Turns out it’s the prediction market contract.
“No” shares on crypto-based platform Polymarket are trading at 92 cents, which means that should China not invade Taiwan by the end of the year, holders get an 8% return on their money.
In comparison, a two-year bond from its central bank is paying just over 1.26%.
Government bonds have historically been a bet on the future prospects of a country.
Political instability, economic turmoil, and the possibility of war are hallmark characteristics of a developing nation. Investors demand to be rewarded for the risk, hence the higher yield on these bonds. El Salvador’s bonds have historically traded at a higher premium than a developed nation like Canada because the likelihood that catastrophe would strike the nation is considered to be much higher, but that trend is changing as its President’s bitcoin bet and war on organized crime appears to be paying off.

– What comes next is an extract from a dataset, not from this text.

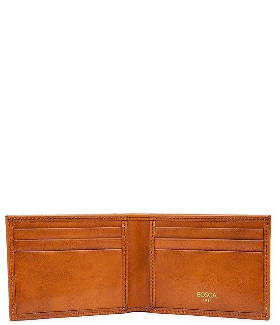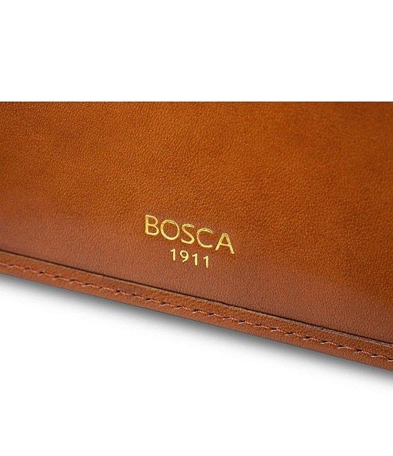 From Bosca, this wallet features: classic, refined modern style that is sure to impress simple, clean and classic styling hand-stitched, with rounded corners and turned-edge finish six card pockets to handle your ID and all of your debit, credit, loyalty and business cards two additional slash pockets for receipts and other necessary items center cash well for all of your paper bills signature old leather rich stain that highlights the natural grains and textures of the vegetable-tanned leather polished leather with high luster that results in an amazing finish Imported.

Taiwan’s government is fairly stable, and the country has a high degree of economic development, while also running a surplus. The market knows the government is regularly paying its debt, so there’s not much of a premium that can be commanded on the bond market.
Of course, an invasion would throw this into complete disarray. But such an event isn’t likely, based on how the bond market is pricing things. One might say that the prediction market is overpricing the potential for such an event, hence free money that yields more than the country’s own government bonds.
A word of caution and caveat: sometimes competitive Polymarket contracts get settled by how its oracle, Uma, interprets the fine print. The name Taiwan is often used as a synecdoche for the government of the Republic of China (ROC), which administers Taiwan, and roughly a dozen outlying islands, some of which, like Kinmen, are less than three kilometers away from the coast of the People’s Republic of China.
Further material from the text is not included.